Here's a sign of the times in cybersecurity: The federal government is making commercially available a set of unclassified cybersecurity technologies it has cultivated and financially supported through a program meant to do just that.
The details: The cyber security unit of the Department of Homeland Security’s Science and Technology (S&T) Directorate will showcase 10 security solutions at Black Hat USA 2017, seven of whose development it has underwritten. All the security technologies are ready for pilot deployment and commercial use, a department spokesperson told MSSP Alert.
Developers in the private sector, academia and research will demo their applications at Black Hat starting tomorrow. The list includes:
- APE: A Novel Intrusion Prevention System for Android, developed by Mitre
- BCP38/84: Getting the Best Available Data on Source Address Validation on the Public Internet, presented by the Center for Applied Internet Data Analysis, University of California, San Diego
- CASTRA: Context-Aware Security Technology for Responsive and Adaptive Protection, presented by United Technologies Research Corporation
- CLIQUE: Scalable Modeling of Network Flows, presented by the Pacific Northwest National Laboratory
- Cryptonite NXT: Commercialized Self-shielding Dynamic Network Architecture, presented by Intelligent Automation
- Distributed Denial of Service Defense: Telephony Denial of Service Defense Technology, presented by SecureLogix
- NFC4PACS: Using Derived Credentials over Secure NFC for Physical Access Control, presented by Exponent
- Mobile Application Assurance: A Framework for Assessing, Analyzing and Archiving Mobile Applications, presented by Kryptowire LLC
- QUASAR: Strategic Decision Support for Cyber-Defense Planning, presented by the Massachusetts Institute of Technology Lincoln Laboratory
- StreamWorks: Continuous Pattern Detection on Streaming Data, presented by the Pacific Northwest National Laboratory
All but APE, QUASAR and StreamWorks were funded by S&T in the beginning stages of development, the spokesperson said. The three technologies the agency’s unit didn’t back were either fully developed or nearly ready, and complemented the other seven in the lineup, he said.
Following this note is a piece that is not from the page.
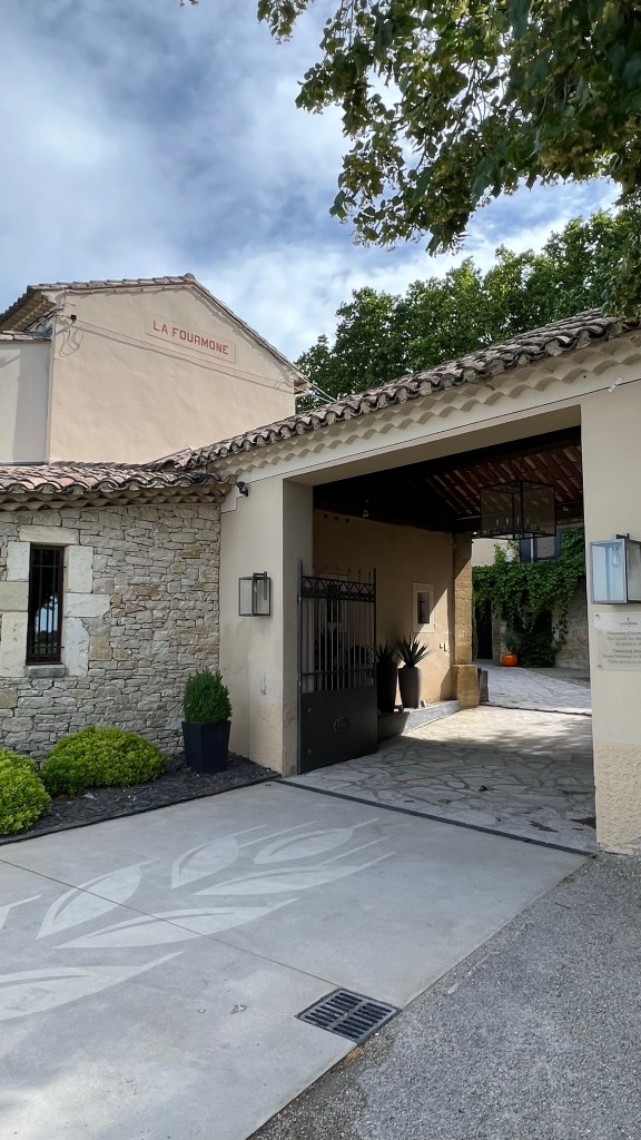 We started our day wine tasting at Domaine la Fourmone. Jon and Yvonne had previously been here and had a great experience. When we arrived it was easy to see why they liked it – they had beautiful grounds and a small tasting room. It was only us with our server – and we really enjoyed the wine. At this point our suitcases are bursting at the seams and we were running out of bubble wrap. Because of the shipping costs we weren’t able to take much, Andy and I left with only one bottle.

“We’re facing some really significant challenges in cybersecurity,” the spokesperson said. “We’re looking for innovation across government , the community of developers and academia to help develop cybersecurity solutions,” he said.
Directly tied to cybersecurity app development is moving unclassified technology to the open market. The government’s Transition to Practice (TTP) program identifies promising federally-funded cybersecurity technologies and accelerates their transition into the marketplace, according to the Cyber Security Division Transition to Practice Technology Guide 2017.
The feds spent more than $1 billion annually on cybersecurity research last year but hardly any of it hits the commercial market, the document reads. In fact, the idea behind the Black Hat showcase is to bridge that divide.
“This divide between research and commercialization, commonly called the ‘Valley of Death’, is often the result of a lack of partnerships between the government and the private sector, insufficient resources, and inefficient processes for transferring technology out of a laboratory environment,” the document said.
Meanwhile, in addition to app development, the S&T organization has established partnerships with similar groups in 13 countries, including the U.K., Australia, Canada, Singapore and Israel as well as the European Union.
In May, it struck a deal with the Netherlands Organization for Scientific Research and that country’s National Cyber Security Center, part of the Ministry of Security and Justice. That partnership includes a $2.6 million investment in a joint U.S.-Dutch research team. The research effort will focus on Industrial Control Systems/Supervisory Control and Data Acquisition and Distributed Denial of Service Defenses.